Stabilizing a Financially Unstable Economy Part V Higher Dimensional Macrodynamics 13. It examines the Fisher relation and focuses on deviations from the one infinitely lived family models. In this paper we analyse the interaction of macroeconomic activity and the dynamics of real wages from a theoretical perspective. In another view, the model corresponds to rational-expectations theories in which Keynesian properties are absent. The paper studies the role of income distribution within a medium-scale macrodynamic model built in a Keynesian and Goodwinian tradition. The Perils of Broad Banking and Narrow Banking 5.
In this paper we reconsider and generalize a two-dimensional growth cycle model of Skott that is based on supply-side adjustment mechanisms and a Kaldorian theory of income distribution. Viability and corridor stability in Keynesian supply driven growth 5. They invest their funds in bonds across national boundaries. Do trans-national security investments by fund managers stabilize or destabilize global economy? Peter Flaschel is Professor at the Department of Business Administration and Economics, Bielefeld University, Germany. This paper develops a multicommunity model and analyzes policies that affect spending on public education and its distribution across communities. Reconstructing Keynesian Macroeconomics will be of interest to students and researchers who want to look at alternatives to the mainstream macrodynamics that emerged from the Monetarist critique of Keynesianism. In a paper remarkable for its ignorance of the difference between the nonprobabilistic macroeconomics of Keynes and Shackle vs.
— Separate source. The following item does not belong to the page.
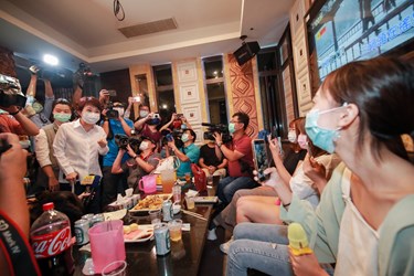 今日首日專案查察,盧市長逐一到包廂查察民眾戴口罩情形,當中有一群大學生來慶生唱歌,在包廂中歡樂高歌也有配戴口罩,民眾表示有看到市政府的呼籲,所以是自備口罩來唱歌,包括入內消費要登記實聯制都能配合,保護自己也保護他人。盧市長則回應,感謝市民朋友的配合,防疫拉緊是為了讓民眾安全更有保障「生活放輕鬆,防疫不放鬆」,最後也祝賀三位民眾生日快樂。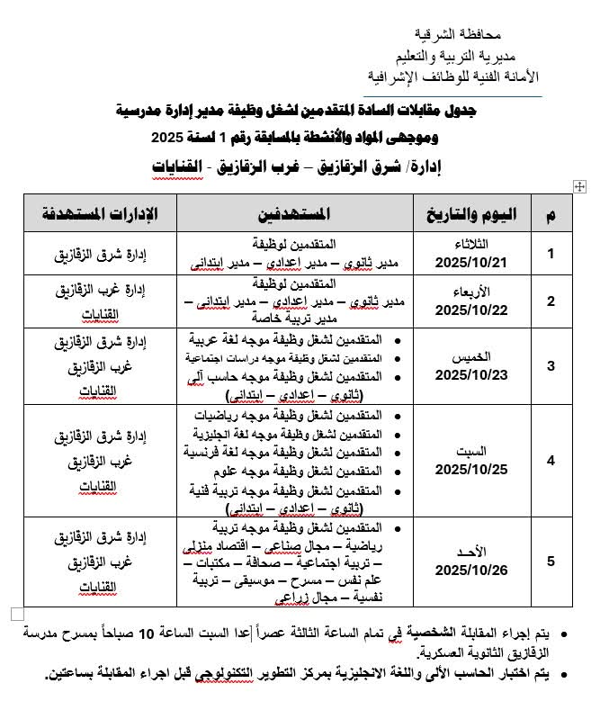 وأهابت مديرية التربية والتعليم بالشرقية، بالمتقدمين لشغل هذه الوظائف الحضور في المواعيد المحددة يوم الاربعاء 22 اكتوبر

The comparative statics of the temporary equilibrium are studied analytically and numerically. This book represents the second of three volumes offering a complete reinterpretation and restructuring of Keynesian macroeconomics and a detailed investigation of the disequilibrium adjustment processes characterizing the financial, the goods and the labour markets and their interaction. We also find that over time, there seems to be a general shift in aggregate demand dynamics towards being profit-led, i. We use a Tobin kind macroeconomic portfolio approach, and the interaction of heterogeneous agents on the financial market to characterize the potentials for fi- nancial market instability. This book represents the second of three volumes offering a complete reinterpretation and restructuring of Keynesian macroeconomics and a detailed investigation of the disequilibrium adjustment processes characterizing the financial, the goods and the labour markets and their interaction.